* TASK INSTRUCTIONS: Retype, exactly as they stand, the lines from the start of the data to the line that contains "Prov. | Comu. |", both ends included. Leave the pictures out.

▬▬▬▬▬▬

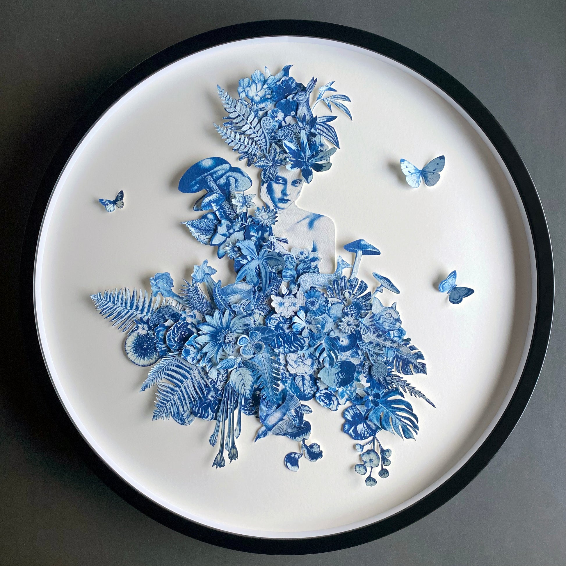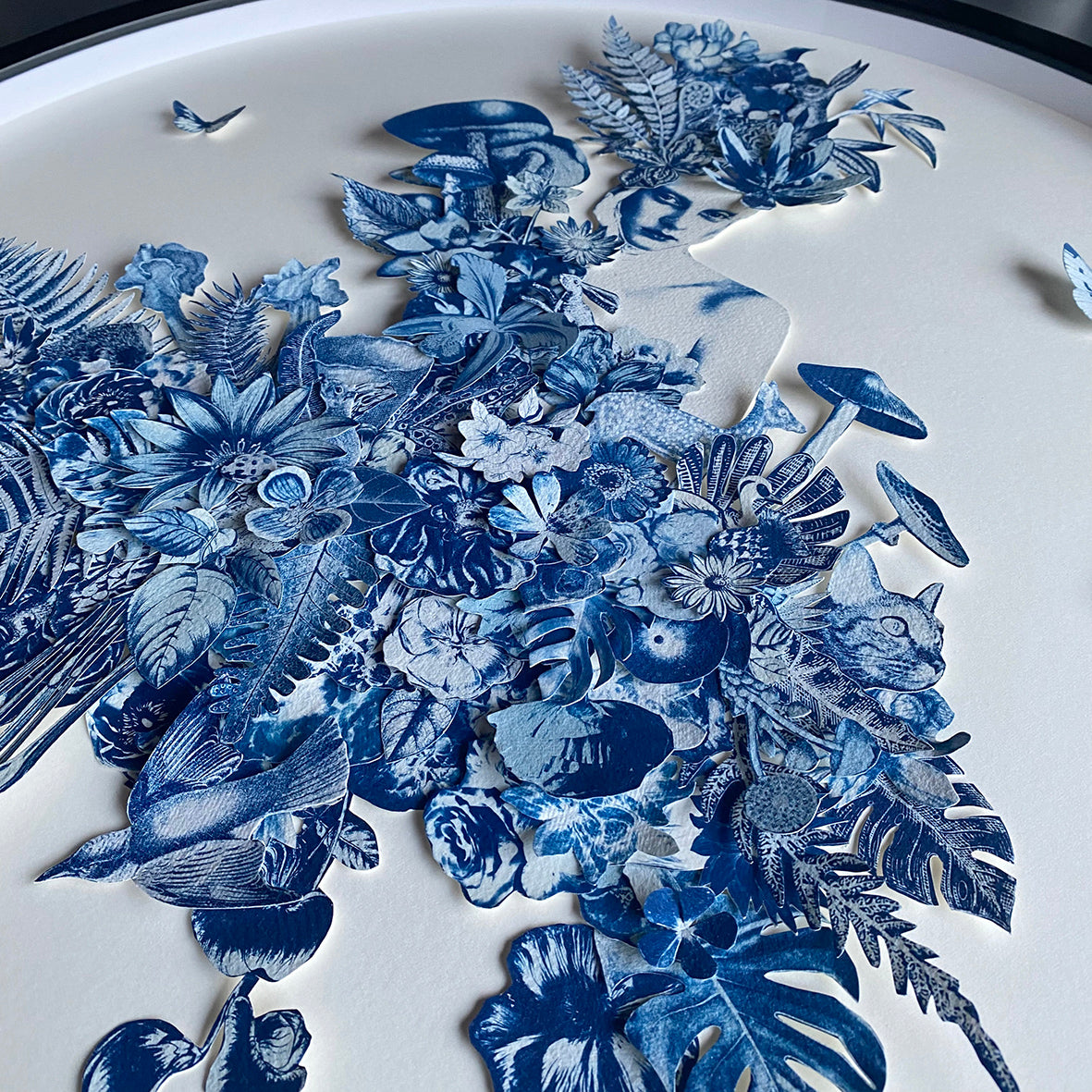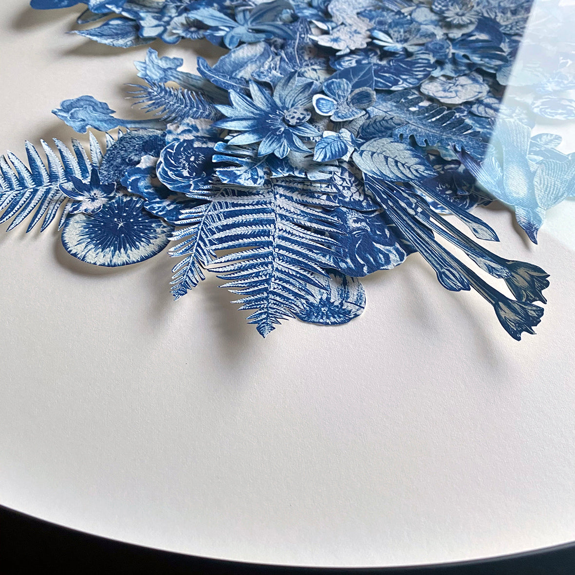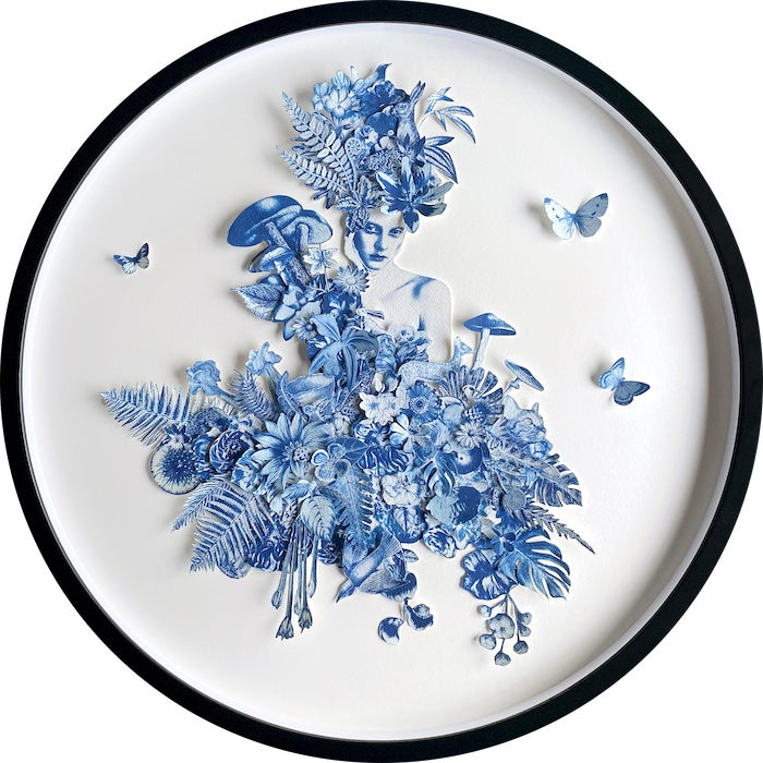 Materials | Cyanotype, 3D paper cut, multi layered collage, handmade paper 23.6in Frame diameter x 1.2in frame depth
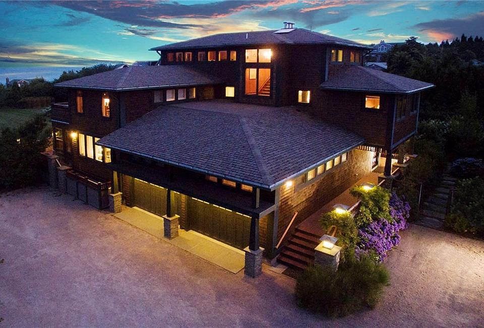 Open views of Narragansett Bay from Newport's Castle Hill to the ocean from this exquisitely appointed home with 5300 square feet of space on three dynamic levels. The views take in a variety of spectacular yachting from the start of the Bermuda Race to the Maxi yachts parade and the arrival of the Tall Ships. Dynamic outdoor features are perfectly married to the elegant architecture that is classic in look and sophisticated in concept. It is a house designed for roomy family living supported by the efficiency of "green" engineering. Non-formaldehyde building materials and "green Seal" insulation are features of environmental sustainability. A large capacity generator, an underground propane fuel tank, and two underground cisterns (capturing rainwater) for irrigated gardens. Two wood burning Artistic fireplaces on the first floor, one in the living room and one in the dining/garden room. The Owner's Suite has 2 beautifully appointed bathrooms plus a separate dressing room with built-in closets and storage. There are 2 additional ensuite bedrooms on the second floor The third floor bedroom/observation room has commanding views in 4 directions. Designed as a perfect guest suite, there is also a kitchenette and a tiled bath.A pebble stone driveway and parking area are nestled behind privacy hedges and custom fence. Nearly an acre of beautifully designed gardens and mature landscaping providing complete sanctuary. A truly extraordinary home with stunning finishes and details.
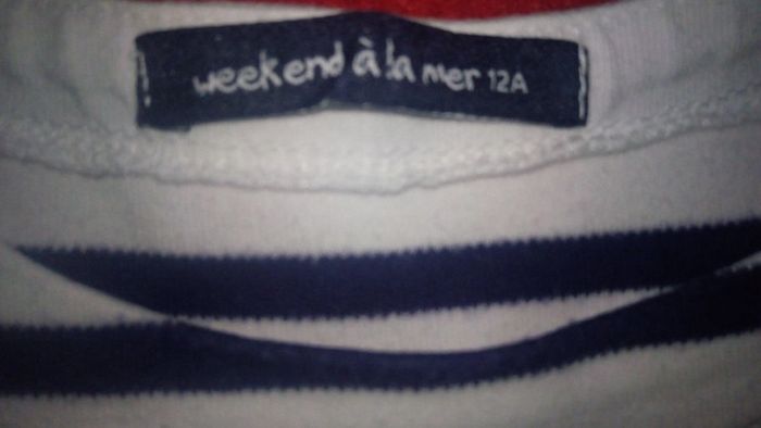 Col rond. Rayures blanches et bleues. Coupe légèrement évasée. Composition 100% coton.
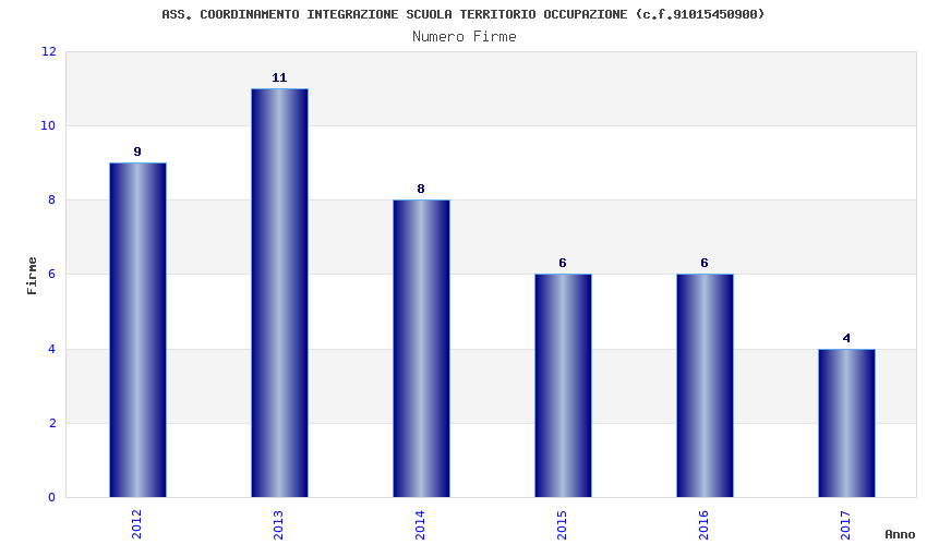 | Anno | Firme | Importi | Media | Naz. | Reg. | Prov. | Comu. |
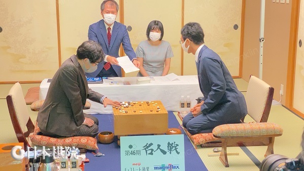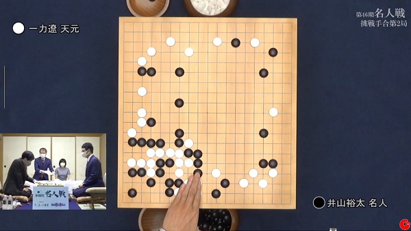 1日目の消費時間は持ち時間各8時間のうち、井山が4時間14分、一力が3時間20分。この対局は本日夜に終局の見込み。
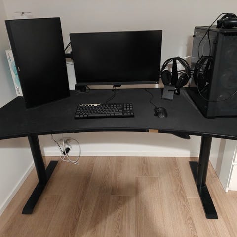 Halutessa pöydälle mahtuu helposti yhtä aikaa kaksi 24" näyttöä sekä pöytäkone.
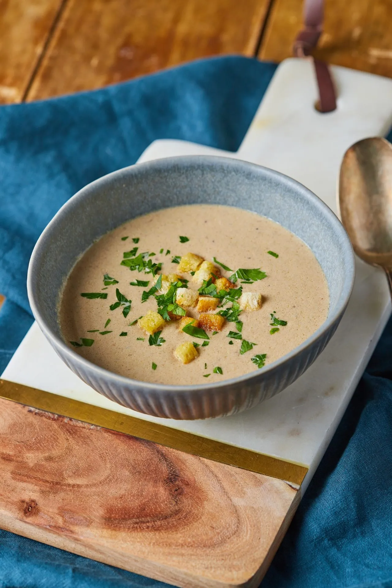 Amikor lepirítottuk a gombát is, felöntjük az alaplével, sózzuk, és 8-10 percig főzzük. Amikor megfőtt, lehúzzuk a levest a tűzhelyről, és egy botmixer segítségével alaposan összeturmixoljuk. Visszatesszük a tűzre, és hozzáadjuk a tejszínt. Amikor újra felforrt a leves, belemorzsoljuk a kéksajtot és hozzáadjuk a vajat, majd elzárjuk alatta a tűzhelyet.

▬▬▬▬▬▬

* WRITTEN ANSWER:
 Materials | Cyanotype, 3D paper cut, multi layered collage, handmade paper 23.6in Frame diameter x 1.2in frame depth
 Open views of Narragansett Bay from Newport's Castle Hill to the ocean from this exquisitely appointed home with 5300 square feet of space on three dynamic levels. The views take in a variety of spectacular yachting from the start of the Bermuda Race to the Maxi yachts parade and the arrival of the Tall Ships. Dynamic outdoor features are perfectly married to the elegant architecture that is classic in look and sophisticated in concept. It is a house designed for roomy family living supported by the efficiency of "green" engineering. Non-formaldehyde building materials and "green Seal" insulation are features of environmental sustainability. A large capacity generator, an underground propane fuel tank, and two underground cisterns (capturing rainwater) for irrigated gardens. Two wood burning Artistic fireplaces on the first floor, one in the living room and one in the dining/garden room. The Owner's Suite has 2 beautifully appointed bathrooms plus a separate dressing room with built-in closets and storage. There are 2 additional ensuite bedrooms on the second floor The third floor bedroom/observation room has commanding views in 4 directions. Designed as a perfect guest suite, there is also a kitchenette and a tiled bath.A pebble stone driveway and parking area are nestled behind privacy hedges and custom fence. Nearly an acre of beautifully designed gardens and mature landscaping providing complete sanctuary. A truly extraordinary home with stunning finishes and details.
 Col rond. Rayures blanches et bleues. Coupe légèrement évasée. Composition 100% coton.
 | Anno | Firme | Importi | Media | Naz. | Reg. | Prov. | Comu. |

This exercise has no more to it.